*Exercise objective*.
Print the listing below only from the line that has "Carregador Rápido De" through the line that has "These operational components", exactly, and drop any picture.
[[ Records for the task open ]]
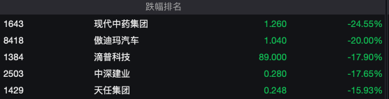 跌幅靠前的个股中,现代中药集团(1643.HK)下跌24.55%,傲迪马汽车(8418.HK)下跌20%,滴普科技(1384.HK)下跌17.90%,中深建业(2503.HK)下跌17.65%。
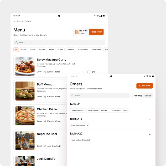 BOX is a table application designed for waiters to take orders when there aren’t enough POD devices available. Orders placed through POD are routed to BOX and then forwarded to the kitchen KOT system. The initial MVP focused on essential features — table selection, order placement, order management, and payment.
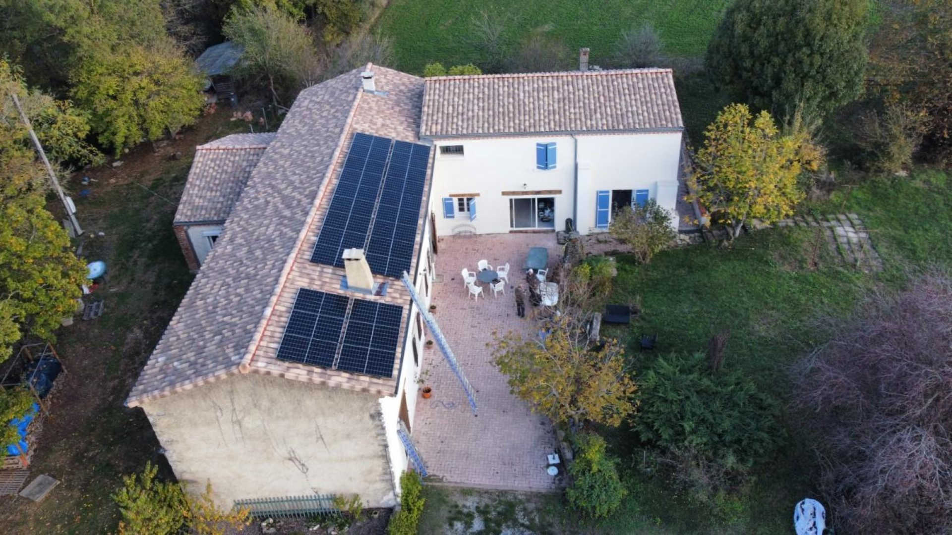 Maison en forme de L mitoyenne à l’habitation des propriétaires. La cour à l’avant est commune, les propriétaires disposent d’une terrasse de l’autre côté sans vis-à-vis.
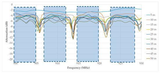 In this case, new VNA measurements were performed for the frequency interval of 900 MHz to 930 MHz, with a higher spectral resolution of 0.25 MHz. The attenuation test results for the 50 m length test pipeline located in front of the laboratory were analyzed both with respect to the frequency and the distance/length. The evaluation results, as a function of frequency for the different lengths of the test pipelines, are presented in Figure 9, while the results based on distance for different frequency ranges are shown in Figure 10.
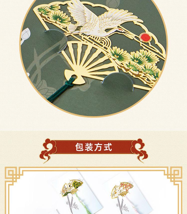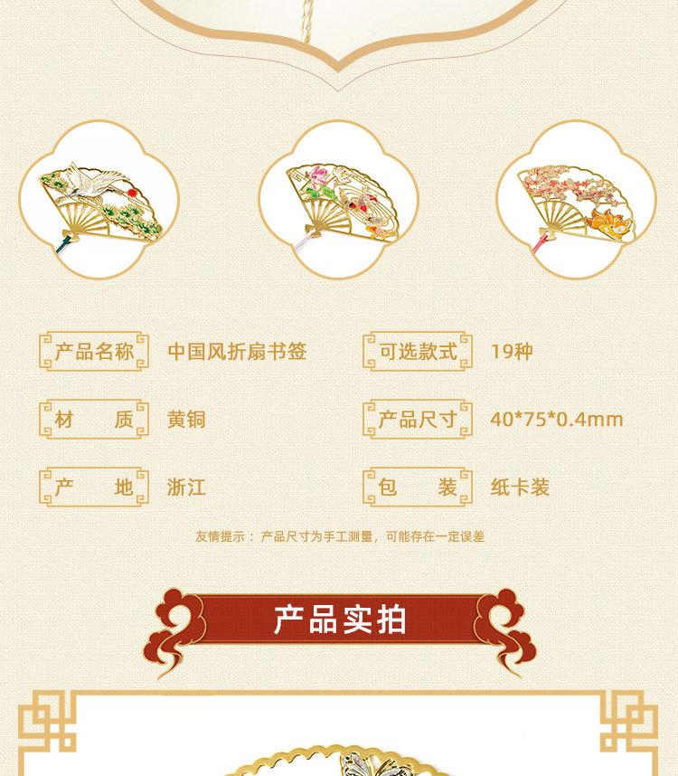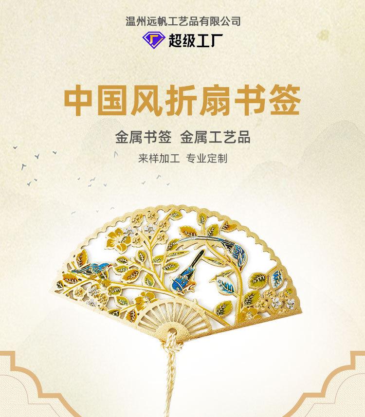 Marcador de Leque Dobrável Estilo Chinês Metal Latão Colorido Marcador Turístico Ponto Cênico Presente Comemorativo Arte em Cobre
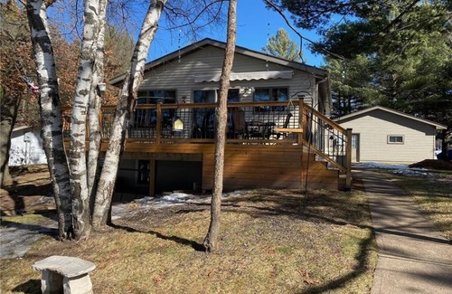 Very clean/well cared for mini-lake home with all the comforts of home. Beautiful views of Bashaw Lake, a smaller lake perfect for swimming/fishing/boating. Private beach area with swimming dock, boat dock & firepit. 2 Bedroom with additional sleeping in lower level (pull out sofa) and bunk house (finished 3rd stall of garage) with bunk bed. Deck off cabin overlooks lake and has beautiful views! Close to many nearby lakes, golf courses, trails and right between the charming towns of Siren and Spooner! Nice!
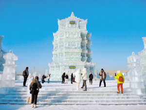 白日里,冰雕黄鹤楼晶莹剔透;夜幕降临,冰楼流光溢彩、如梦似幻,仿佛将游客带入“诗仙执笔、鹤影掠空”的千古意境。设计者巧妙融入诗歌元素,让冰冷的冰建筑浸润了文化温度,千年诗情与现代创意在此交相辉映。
[[ Records for the task closed ]]
[[ Records for the task open ]]
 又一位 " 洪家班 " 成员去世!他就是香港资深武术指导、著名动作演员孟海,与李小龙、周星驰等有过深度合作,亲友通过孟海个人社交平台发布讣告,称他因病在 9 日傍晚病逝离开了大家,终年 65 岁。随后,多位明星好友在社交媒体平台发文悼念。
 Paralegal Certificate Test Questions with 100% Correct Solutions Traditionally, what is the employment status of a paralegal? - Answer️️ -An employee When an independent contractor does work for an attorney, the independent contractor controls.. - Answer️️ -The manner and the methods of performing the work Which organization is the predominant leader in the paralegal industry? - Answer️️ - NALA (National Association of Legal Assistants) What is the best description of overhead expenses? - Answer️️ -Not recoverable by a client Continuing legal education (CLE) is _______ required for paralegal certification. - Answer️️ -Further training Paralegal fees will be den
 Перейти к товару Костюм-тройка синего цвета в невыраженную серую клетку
[[ Records for the task closed ]]
[[ Records for the task open ]]
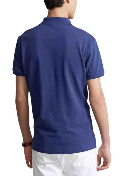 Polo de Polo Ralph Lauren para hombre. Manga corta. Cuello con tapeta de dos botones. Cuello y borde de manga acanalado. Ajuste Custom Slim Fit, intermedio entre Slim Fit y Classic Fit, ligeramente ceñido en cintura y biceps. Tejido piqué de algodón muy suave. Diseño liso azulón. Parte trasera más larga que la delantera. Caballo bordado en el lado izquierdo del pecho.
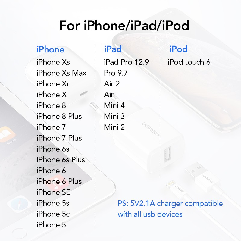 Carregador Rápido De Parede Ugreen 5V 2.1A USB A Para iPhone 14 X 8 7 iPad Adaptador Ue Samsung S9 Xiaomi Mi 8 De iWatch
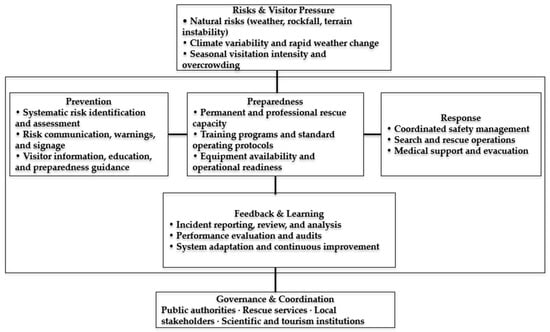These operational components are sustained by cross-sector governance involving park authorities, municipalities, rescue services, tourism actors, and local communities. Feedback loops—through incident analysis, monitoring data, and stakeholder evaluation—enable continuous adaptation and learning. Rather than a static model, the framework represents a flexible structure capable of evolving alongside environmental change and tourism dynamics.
[[ Records for the task closed ]]
*Task response*.
 Carregador Rápido De Parede Ugreen 5V 2.1A USB A Para iPhone 14 X 8 7 iPad Adaptador Ue Samsung S9 Xiaomi Mi 8 De iWatch
These operational components are sustained by cross-sector governance involving park authorities, municipalities, rescue services, tourism actors, and local communities. Feedback loops—through incident analysis, monitoring data, and stakeholder evaluation—enable continuous adaptation and learning. Rather than a static model, the framework represents a flexible structure capable of evolving alongside environmental change and tourism dynamics.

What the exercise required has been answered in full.